↓↓↓

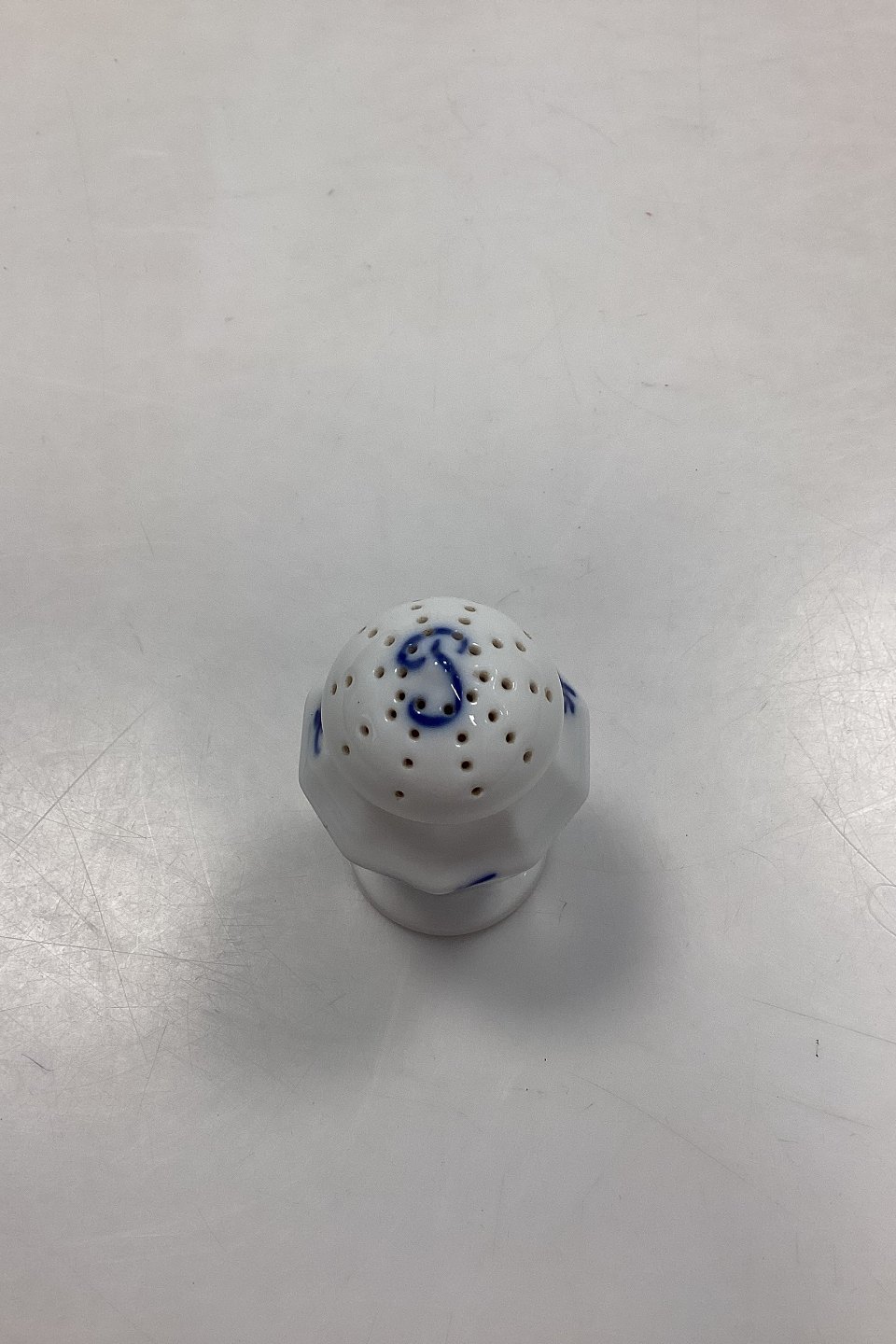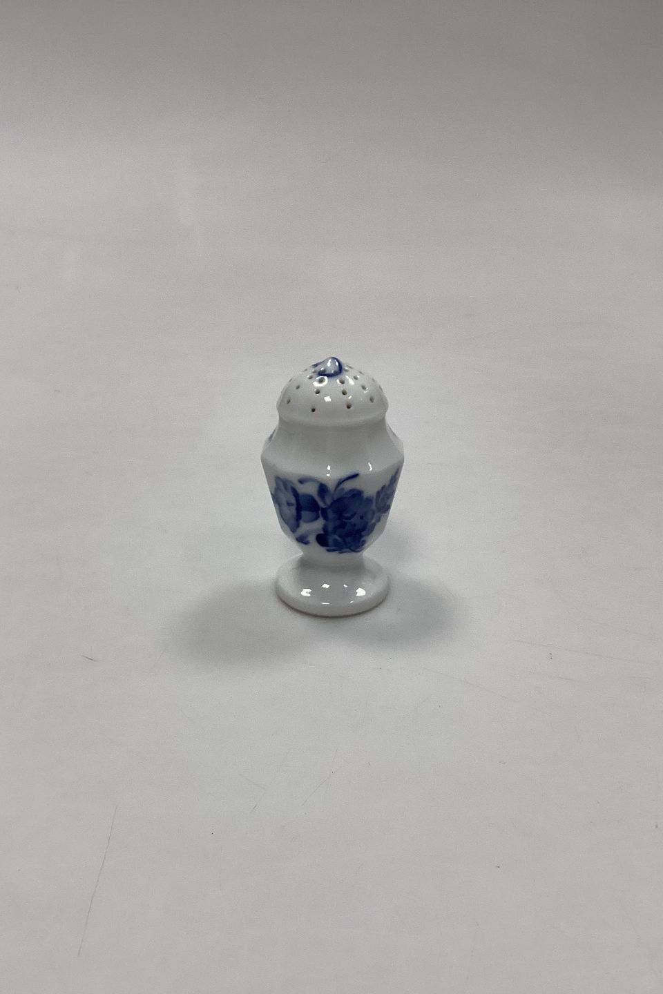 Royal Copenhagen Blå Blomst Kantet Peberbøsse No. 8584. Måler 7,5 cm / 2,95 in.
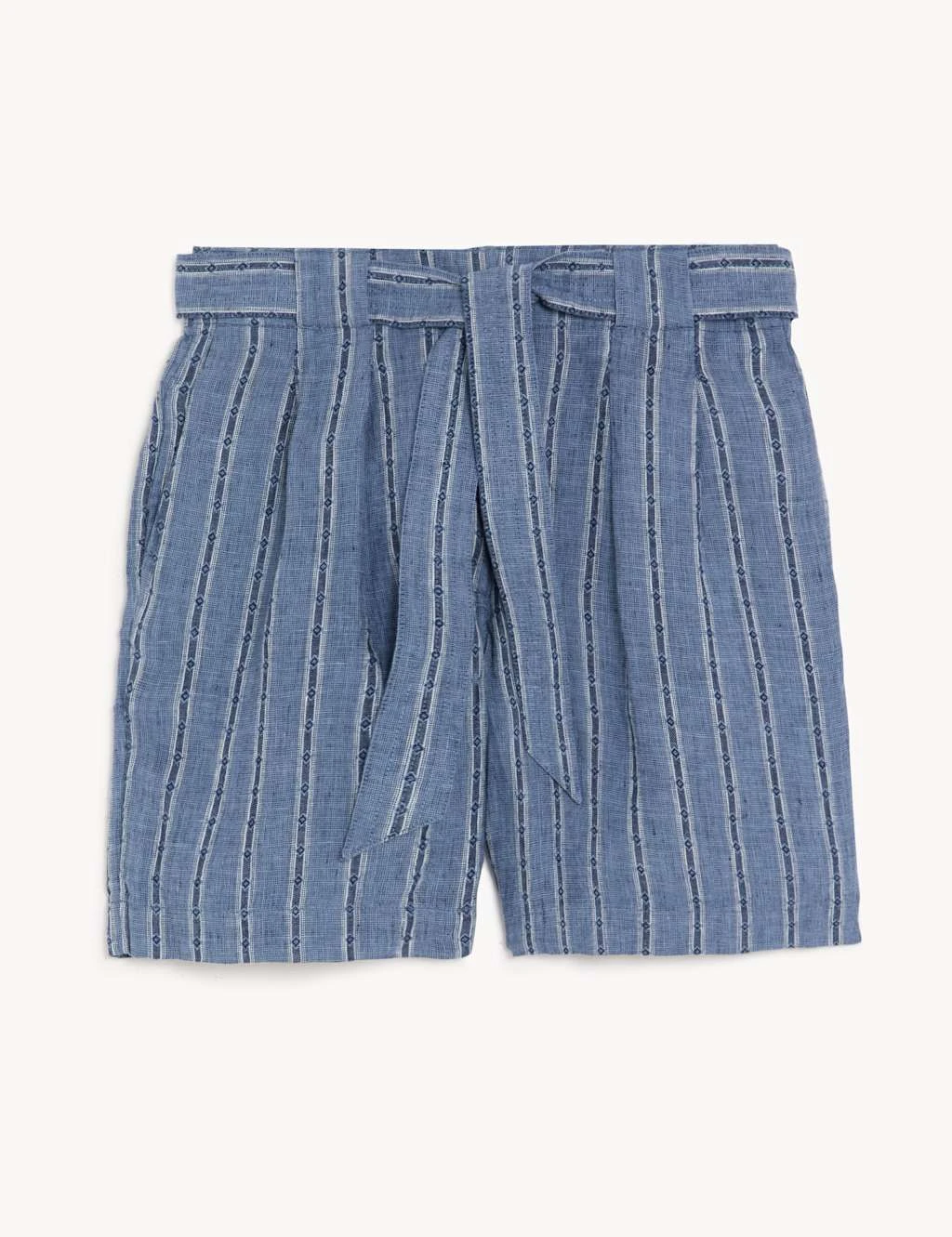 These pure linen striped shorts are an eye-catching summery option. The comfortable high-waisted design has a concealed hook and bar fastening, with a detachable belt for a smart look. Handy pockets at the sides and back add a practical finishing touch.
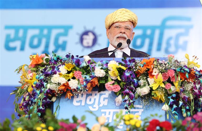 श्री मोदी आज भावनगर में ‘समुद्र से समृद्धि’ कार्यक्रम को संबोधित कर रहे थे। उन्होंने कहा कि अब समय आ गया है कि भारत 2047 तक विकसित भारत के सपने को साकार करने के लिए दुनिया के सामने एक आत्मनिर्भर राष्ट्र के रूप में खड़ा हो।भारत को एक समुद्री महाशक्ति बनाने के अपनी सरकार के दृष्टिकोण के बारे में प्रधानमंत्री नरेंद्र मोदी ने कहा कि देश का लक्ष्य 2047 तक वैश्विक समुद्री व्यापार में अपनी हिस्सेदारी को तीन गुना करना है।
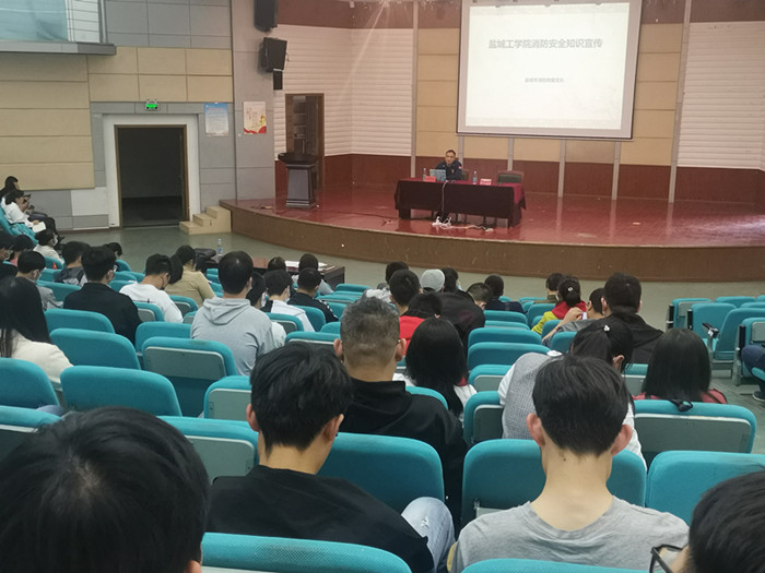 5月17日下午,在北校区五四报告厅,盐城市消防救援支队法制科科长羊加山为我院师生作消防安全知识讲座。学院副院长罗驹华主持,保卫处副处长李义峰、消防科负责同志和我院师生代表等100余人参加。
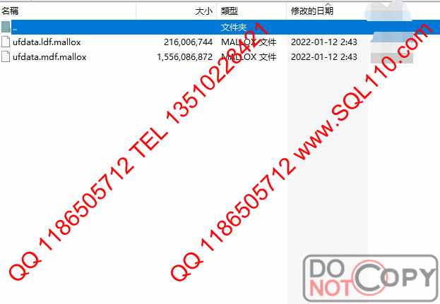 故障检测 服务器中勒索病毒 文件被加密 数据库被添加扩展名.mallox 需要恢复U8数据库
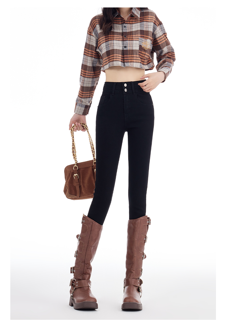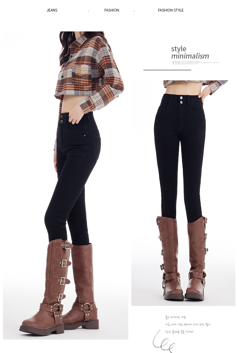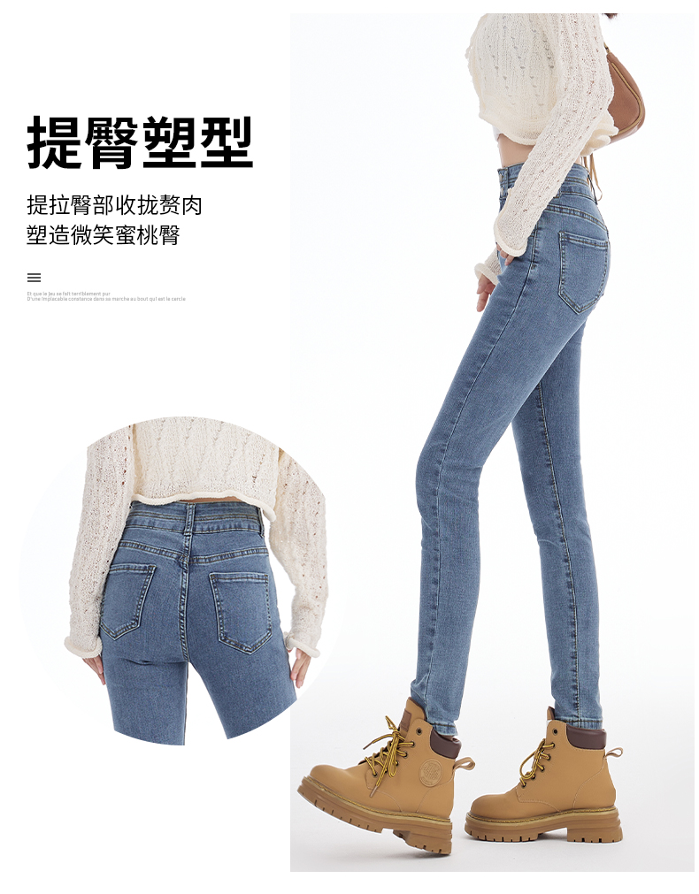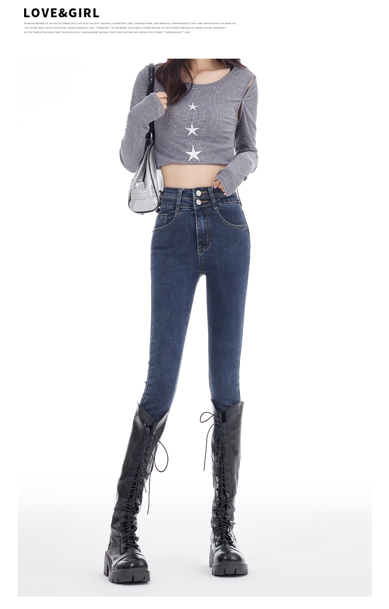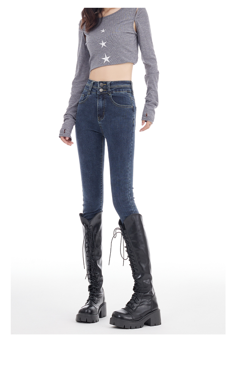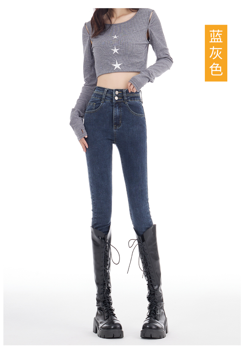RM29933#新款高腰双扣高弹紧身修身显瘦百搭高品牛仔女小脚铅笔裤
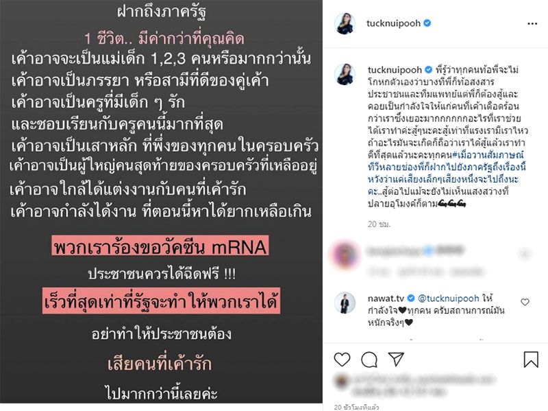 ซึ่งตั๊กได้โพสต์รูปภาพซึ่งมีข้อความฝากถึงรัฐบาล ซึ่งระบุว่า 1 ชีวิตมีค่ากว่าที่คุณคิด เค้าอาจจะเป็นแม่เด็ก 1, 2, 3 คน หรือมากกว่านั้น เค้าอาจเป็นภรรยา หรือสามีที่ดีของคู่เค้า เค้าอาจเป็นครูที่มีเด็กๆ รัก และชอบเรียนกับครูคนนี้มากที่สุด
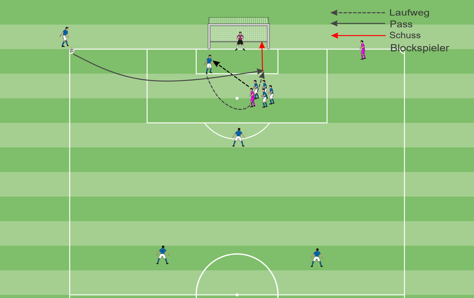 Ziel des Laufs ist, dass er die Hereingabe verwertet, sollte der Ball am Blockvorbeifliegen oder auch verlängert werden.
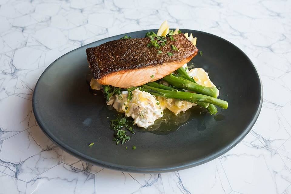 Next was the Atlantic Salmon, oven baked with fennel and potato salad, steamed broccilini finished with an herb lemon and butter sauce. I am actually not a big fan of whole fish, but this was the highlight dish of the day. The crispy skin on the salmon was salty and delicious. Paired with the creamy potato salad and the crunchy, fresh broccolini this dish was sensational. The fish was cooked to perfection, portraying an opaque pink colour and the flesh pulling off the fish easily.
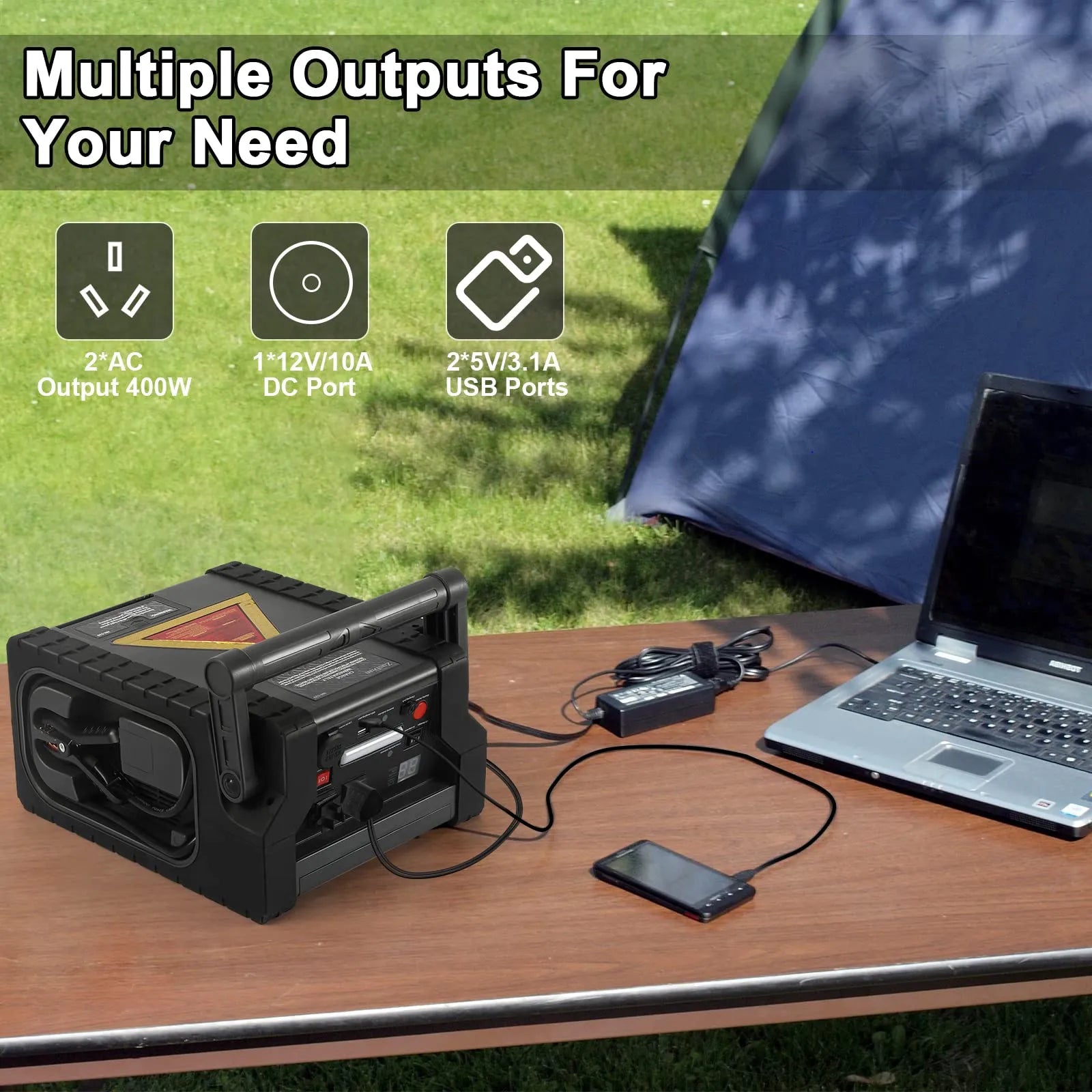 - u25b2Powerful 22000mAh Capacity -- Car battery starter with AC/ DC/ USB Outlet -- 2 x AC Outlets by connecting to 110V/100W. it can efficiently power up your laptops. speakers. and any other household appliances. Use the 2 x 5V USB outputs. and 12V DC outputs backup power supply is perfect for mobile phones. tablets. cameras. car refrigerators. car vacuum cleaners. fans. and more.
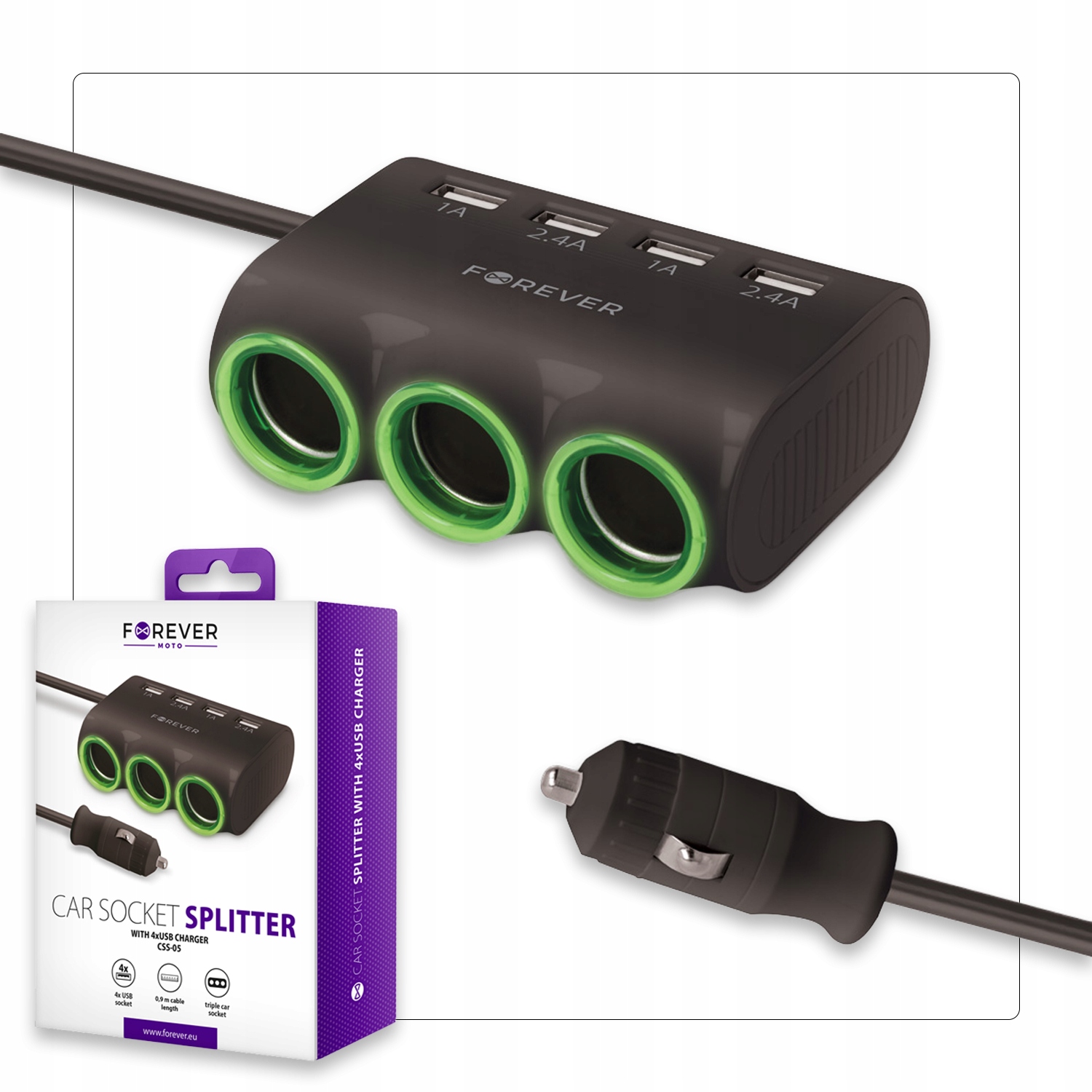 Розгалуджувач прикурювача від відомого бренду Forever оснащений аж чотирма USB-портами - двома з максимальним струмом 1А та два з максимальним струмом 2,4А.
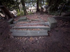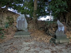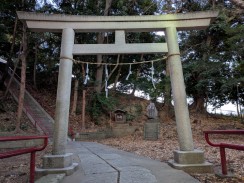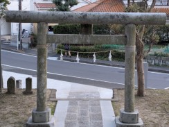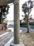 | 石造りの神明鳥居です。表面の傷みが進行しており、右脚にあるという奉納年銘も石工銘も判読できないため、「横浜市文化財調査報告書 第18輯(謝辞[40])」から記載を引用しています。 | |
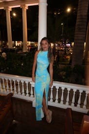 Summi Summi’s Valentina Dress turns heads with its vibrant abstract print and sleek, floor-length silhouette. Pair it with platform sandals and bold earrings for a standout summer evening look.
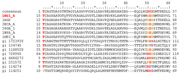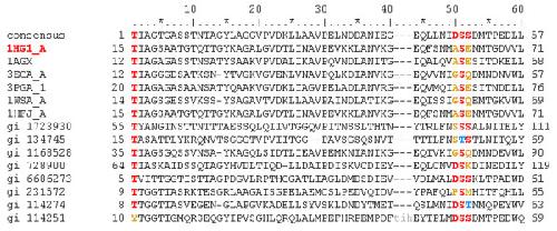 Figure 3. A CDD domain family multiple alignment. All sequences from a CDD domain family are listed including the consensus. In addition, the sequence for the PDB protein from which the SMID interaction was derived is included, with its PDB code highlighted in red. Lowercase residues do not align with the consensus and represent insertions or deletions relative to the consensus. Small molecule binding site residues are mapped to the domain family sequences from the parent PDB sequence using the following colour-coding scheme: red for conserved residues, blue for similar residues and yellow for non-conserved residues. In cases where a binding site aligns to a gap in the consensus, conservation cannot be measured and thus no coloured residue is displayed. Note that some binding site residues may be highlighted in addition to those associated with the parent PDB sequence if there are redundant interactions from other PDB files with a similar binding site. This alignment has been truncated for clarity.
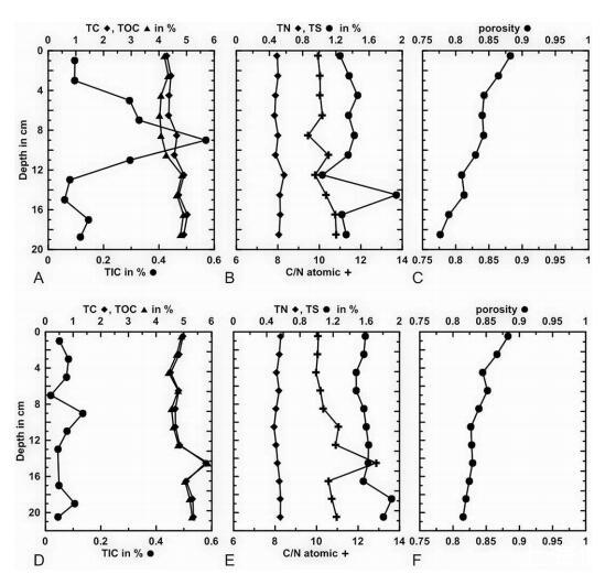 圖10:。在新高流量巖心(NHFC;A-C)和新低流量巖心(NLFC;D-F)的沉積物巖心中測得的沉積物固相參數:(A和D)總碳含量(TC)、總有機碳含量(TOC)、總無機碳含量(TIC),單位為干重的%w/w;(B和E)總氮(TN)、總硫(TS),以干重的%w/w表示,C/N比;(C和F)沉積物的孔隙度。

↑↑↑

**WHAT THE TASK ASKS**
Starting at the line containing "Next was the" and stopping at the line containing "Summi Summi’s Valentina", output every line above exactly, both ends included, with pictures omitted.

**WRITTEN ANSWER**
 Next was the Atlantic Salmon, oven baked with fennel and potato salad, steamed broccilini finished with an herb lemon and butter sauce. I am actually not a big fan of whole fish, but this was the highlight dish of the day. The crispy skin on the salmon was salty and delicious. Paired with the creamy potato salad and the crunchy, fresh broccolini this dish was sensational. The fish was cooked to perfection, portraying an opaque pink colour and the flesh pulling off the fish easily.
 - u25b2Powerful 22000mAh Capacity -- Car battery starter with AC/ DC/ USB Outlet -- 2 x AC Outlets by connecting to 110V/100W. it can efficiently power up your laptops. speakers. and any other household appliances. Use the 2 x 5V USB outputs. and 12V DC outputs backup power supply is perfect for mobile phones. tablets. cameras. car refrigerators. car vacuum cleaners. fans. and more.
 Розгалуджувач прикурювача від відомого бренду Forever оснащений аж чотирма USB-портами - двома з максимальним струмом 1А та два з максимальним струмом 2,4А.
 | 石造りの神明鳥居です。表面の傷みが進行しており、右脚にあるという奉納年銘も石工銘も判読できないため、「横浜市文化財調査報告書 第18輯(謝辞[40])」から記載を引用しています。 | |
 Summi Summi’s Valentina Dress turns heads with its vibrant abstract print and sleek, floor-length silhouette. Pair it with platform sandals and bold earrings for a standout summer evening look.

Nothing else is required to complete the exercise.